Offensichtlich hast du dich ja bereits für eine AD-Einnahme entschieden und das ist eine Entscheidung, die ich angesichts deines schweren Leidenswegs nachvollziehen kann, wenngleich wir hier im ADFD psychopharmakakritisch sind und nicht zu einer AD-Einnahme raten würden, es sei denn in begründeten Einzelfällen und selbst das ist eine Angelegenheit, die der Verantwortlichkeit des Einzelnen und seinem Arzt obliegt.

Da du jetzt eh AD nimmst und offensichtlich auch nicht vor hast sie wegzulassen, möchte ich aber einen kurzen Satz zum Wechsel einstreuen.
Ich würde das sein lassen und beim Fluoxetin bleiben.
Dies soll ausdrücklich keine Medikamentenempfehlung sein, denn diese sind hier verboten, sondern ist nur eine Einlassung basierend auf dem Fakt, dass du anscheinend jetzt erst mal AD nehmen möchtest.

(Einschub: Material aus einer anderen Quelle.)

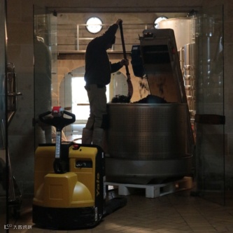 16. 在发酵过程中,可以使用自动化的柱塞把葡萄皮压到液体下面,即机器压皮。有些时候也可以使用长杆子来人工进行这个动作。
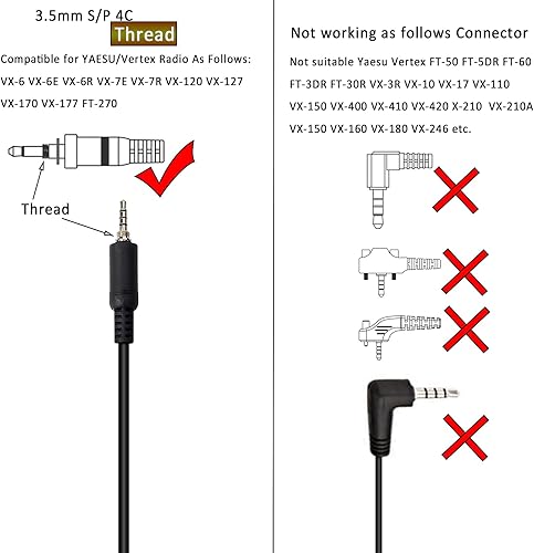 HYS Walkie Talkie Auricolare a forma di G con microfono compatibile con Yaesu Vertex VX-6 VX-6E VX-7E VX-7R VX-120 VX-127 VX-170 VX-177 FT-270 radio a 2 vie

Du schreibst du fühlst dich zum ersten Mal in deinem Leben annähernd normal und die "einzigen" Probleme sind offensichtlich Verdauungsstörungen (Verstopfung).
Damit hast du ziemlich "Glück", dass die Nebenwirkungen (NW) zum einen tolerierbar sind (mit Verstopfung kann man sich arrangieren) und zum anderen dir die Einnahme anscheinend hilfreich erscheint.
Beides ist keine Selbstverständlichkeit. Ein Wechsel birgt unkalkulierbare Risiken, von Unverträglichkeiten über weitere, stärkere NW bis hin zu dass es nicht wirkt und natürlich die von dir selbst angesprochenen Risiken der körperlichen Abhängigkeit.
Überlege es dir gut und in Ruhe.

Wenn du später einen AD Entzug angehen möchtest, dann kannst du dich hier gerne umfassend informieren, wie das geht.
Positiv bewerte ich, dass der Arzt keine Langzeiteinnahme anstrebt und dir weiterhin Psychotherapie verordnen will; Letzteres halte ich aufgrund deines schweren Schicksals für unerlässlich, auch wenn du bereits therapieerfahren bist.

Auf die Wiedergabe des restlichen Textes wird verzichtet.